**Source records**
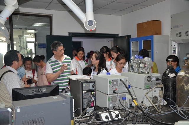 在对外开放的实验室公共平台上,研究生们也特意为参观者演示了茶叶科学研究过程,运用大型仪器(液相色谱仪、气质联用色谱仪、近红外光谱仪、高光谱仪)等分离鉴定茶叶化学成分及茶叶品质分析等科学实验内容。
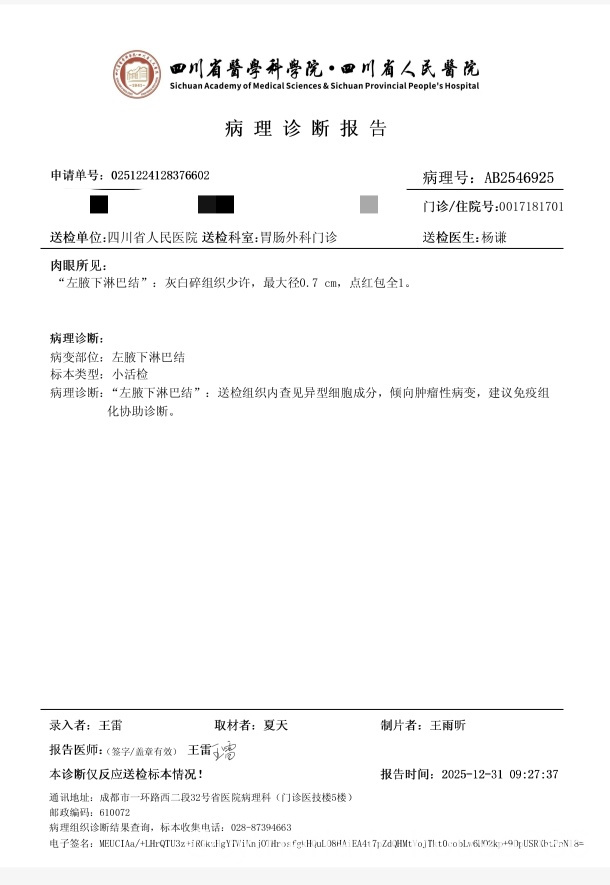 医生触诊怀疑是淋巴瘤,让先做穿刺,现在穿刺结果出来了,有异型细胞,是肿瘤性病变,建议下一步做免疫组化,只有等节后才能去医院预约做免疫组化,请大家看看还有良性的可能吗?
--
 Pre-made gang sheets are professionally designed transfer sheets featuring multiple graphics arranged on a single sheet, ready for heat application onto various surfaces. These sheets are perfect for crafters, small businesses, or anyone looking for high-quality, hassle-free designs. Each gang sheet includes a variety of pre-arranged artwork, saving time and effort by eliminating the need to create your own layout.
==
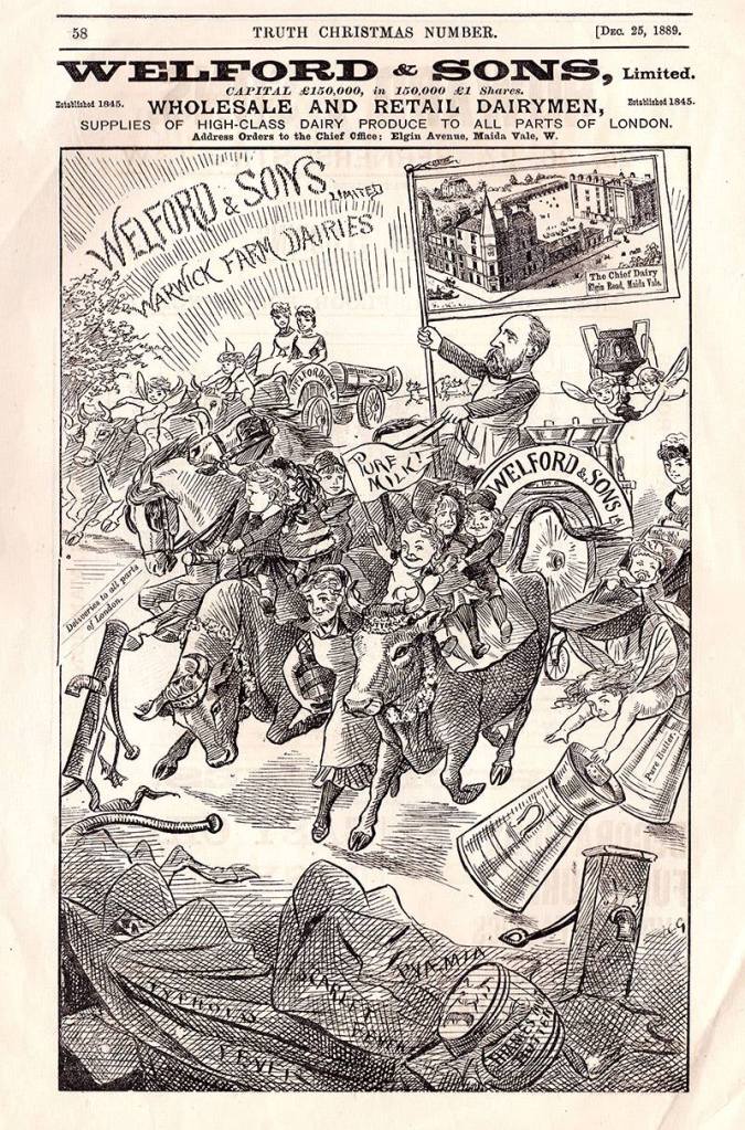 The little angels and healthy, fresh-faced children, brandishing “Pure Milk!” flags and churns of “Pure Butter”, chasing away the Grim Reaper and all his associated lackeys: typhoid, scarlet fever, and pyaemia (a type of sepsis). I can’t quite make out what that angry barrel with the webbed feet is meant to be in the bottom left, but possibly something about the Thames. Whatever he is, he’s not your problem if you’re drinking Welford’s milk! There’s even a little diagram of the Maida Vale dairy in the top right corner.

**Try it**
Among the records above, locate the line containing "在对外开放的实验室公共平台上" and the line containing "医生触诊怀疑是淋巴瘤,让先做", then transcribe exactly the lines starting at the first and ending at the second, with no pictures.

**Exercise solution**
 在对外开放的实验室公共平台上,研究生们也特意为参观者演示了茶叶科学研究过程,运用大型仪器(液相色谱仪、气质联用色谱仪、近红外光谱仪、高光谱仪)等分离鉴定茶叶化学成分及茶叶品质分析等科学实验内容。
 医生触诊怀疑是淋巴瘤,让先做穿刺,现在穿刺结果出来了,有异型细胞,是肿瘤性病变,建议下一步做免疫组化,只有等节后才能去医院预约做免疫组化,请大家看看还有良性的可能吗?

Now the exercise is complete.